BEGIN RECORDS TO PROCESS

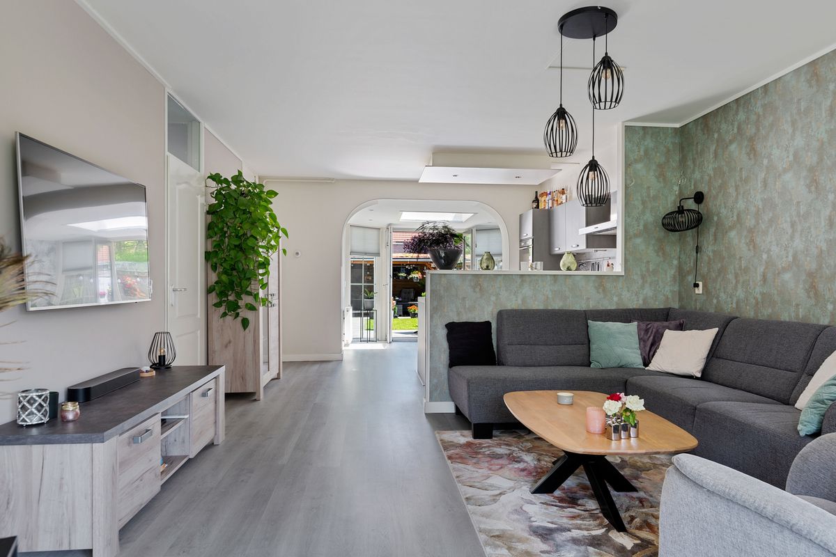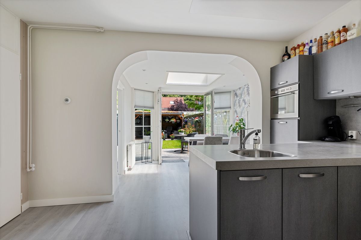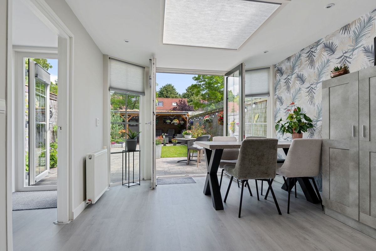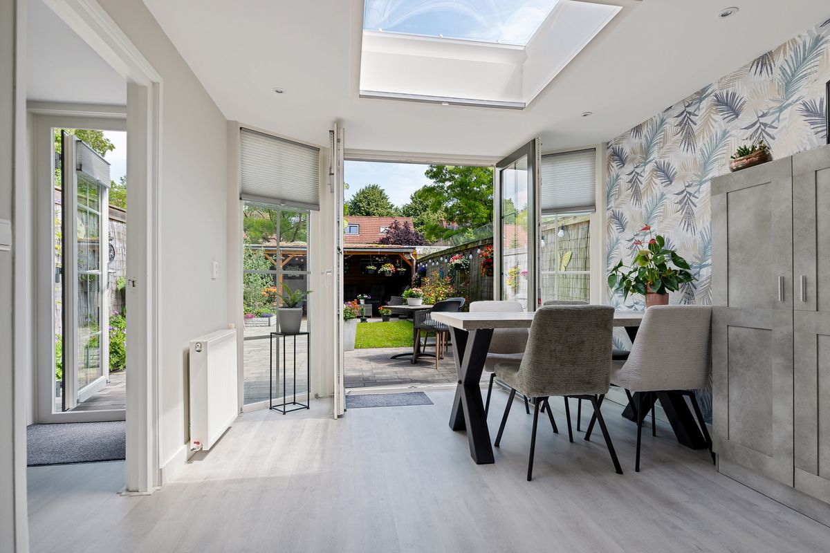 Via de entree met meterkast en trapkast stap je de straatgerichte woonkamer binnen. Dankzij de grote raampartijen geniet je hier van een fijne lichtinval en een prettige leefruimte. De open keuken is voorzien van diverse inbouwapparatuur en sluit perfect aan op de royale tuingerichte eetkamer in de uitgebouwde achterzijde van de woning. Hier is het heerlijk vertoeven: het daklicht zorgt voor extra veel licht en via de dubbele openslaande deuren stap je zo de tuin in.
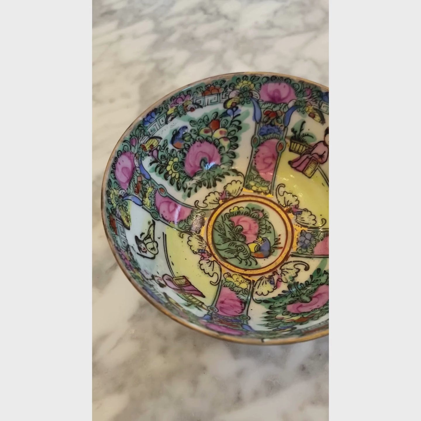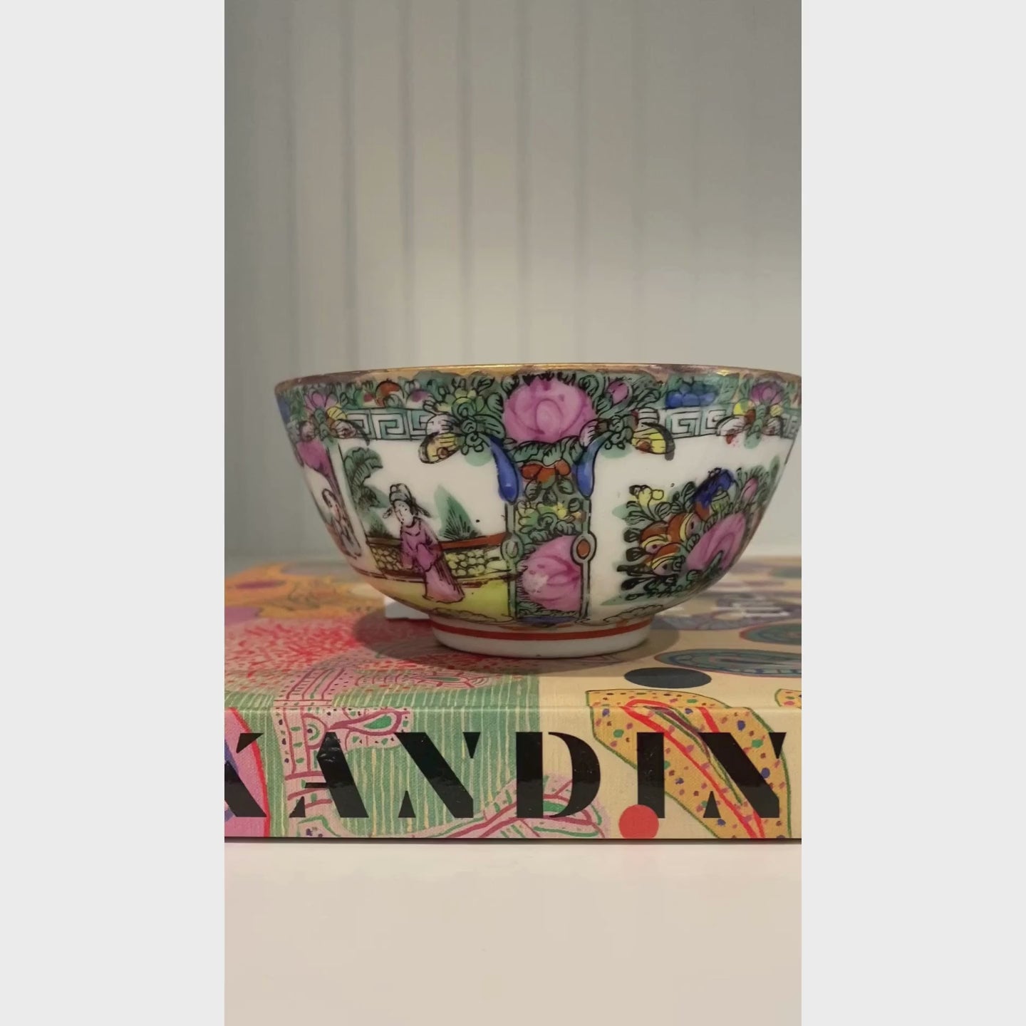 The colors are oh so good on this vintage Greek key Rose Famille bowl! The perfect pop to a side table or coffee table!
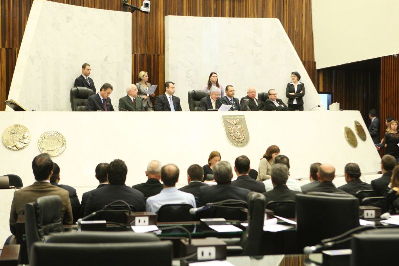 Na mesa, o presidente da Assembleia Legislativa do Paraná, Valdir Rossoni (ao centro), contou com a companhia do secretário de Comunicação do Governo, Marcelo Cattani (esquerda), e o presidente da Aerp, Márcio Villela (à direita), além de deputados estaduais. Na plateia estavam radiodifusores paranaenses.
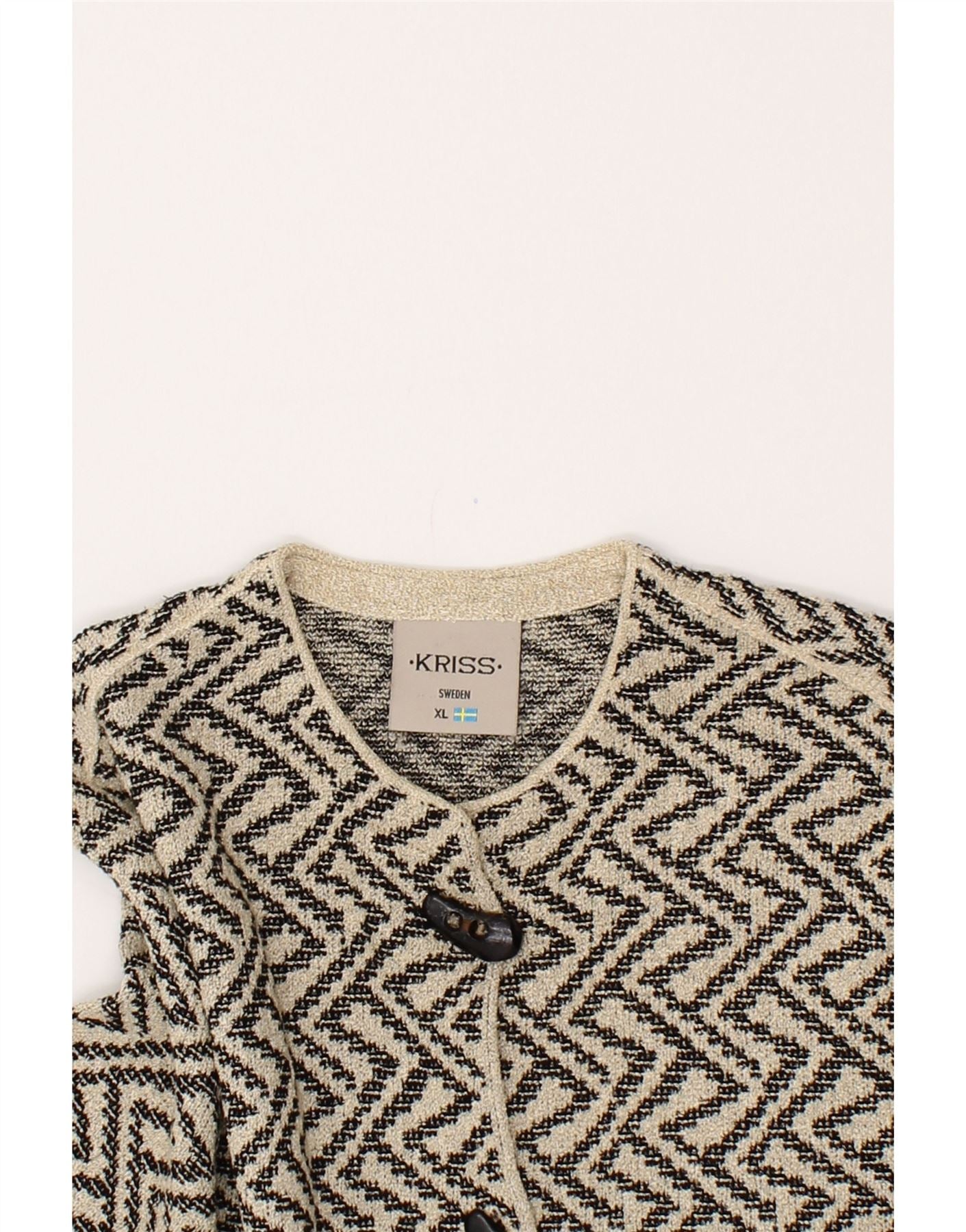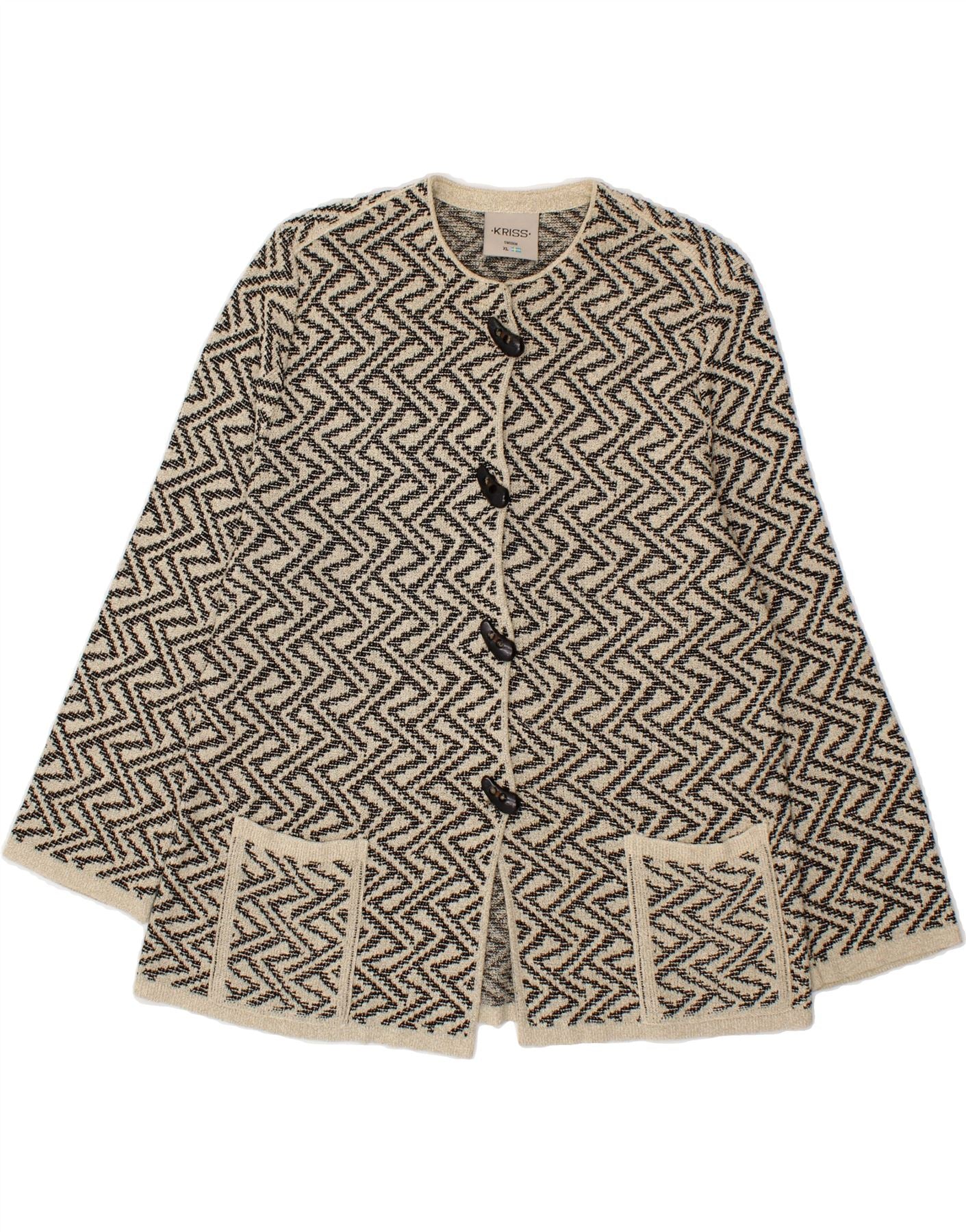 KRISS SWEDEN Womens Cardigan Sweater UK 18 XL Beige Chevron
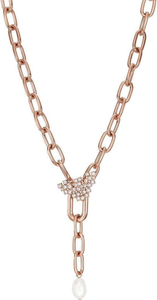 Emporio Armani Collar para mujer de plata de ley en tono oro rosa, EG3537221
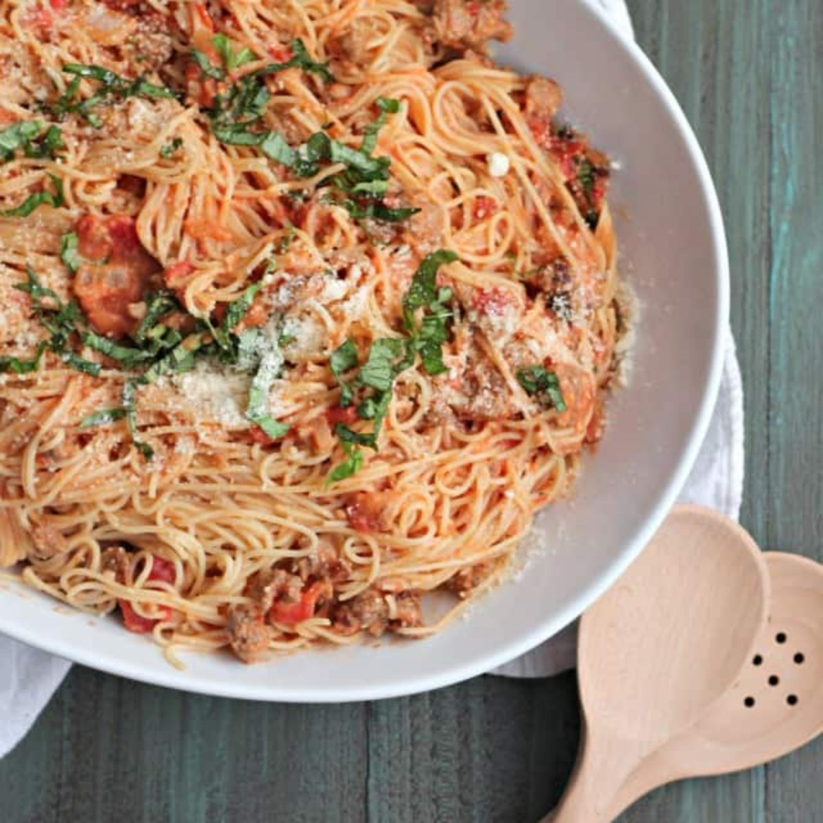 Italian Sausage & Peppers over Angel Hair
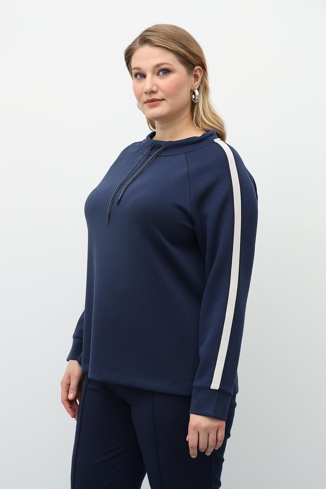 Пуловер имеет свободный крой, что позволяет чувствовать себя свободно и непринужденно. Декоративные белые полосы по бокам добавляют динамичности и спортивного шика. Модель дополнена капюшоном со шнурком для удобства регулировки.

END RECORDS TO PROCESS

▶ **ACTIVITY**: Without the pictures, return the whole of the data exactly as given.

▶ **RESPONSE BOX**:
 Via de entree met meterkast en trapkast stap je de straatgerichte woonkamer binnen. Dankzij de grote raampartijen geniet je hier van een fijne lichtinval en een prettige leefruimte. De open keuken is voorzien van diverse inbouwapparatuur en sluit perfect aan op de royale tuingerichte eetkamer in de uitgebouwde achterzijde van de woning. Hier is het heerlijk vertoeven: het daklicht zorgt voor extra veel licht en via de dubbele openslaande deuren stap je zo de tuin in.
 The colors are oh so good on this vintage Greek key Rose Famille bowl! The perfect pop to a side table or coffee table!
 Na mesa, o presidente da Assembleia Legislativa do Paraná, Valdir Rossoni (ao centro), contou com a companhia do secretário de Comunicação do Governo, Marcelo Cattani (esquerda), e o presidente da Aerp, Márcio Villela (à direita), além de deputados estaduais. Na plateia estavam radiodifusores paranaenses.
 KRISS SWEDEN Womens Cardigan Sweater UK 18 XL Beige Chevron
 Emporio Armani Collar para mujer de plata de ley en tono oro rosa, EG3537221
 Italian Sausage & Peppers over Angel Hair
 Пуловер имеет свободный крой, что позволяет чувствовать себя свободно и непринужденно. Декоративные белые полосы по бокам добавляют динамичности и спортивного шика. Модель дополнена капюшоном со шнурком для удобства регулировки.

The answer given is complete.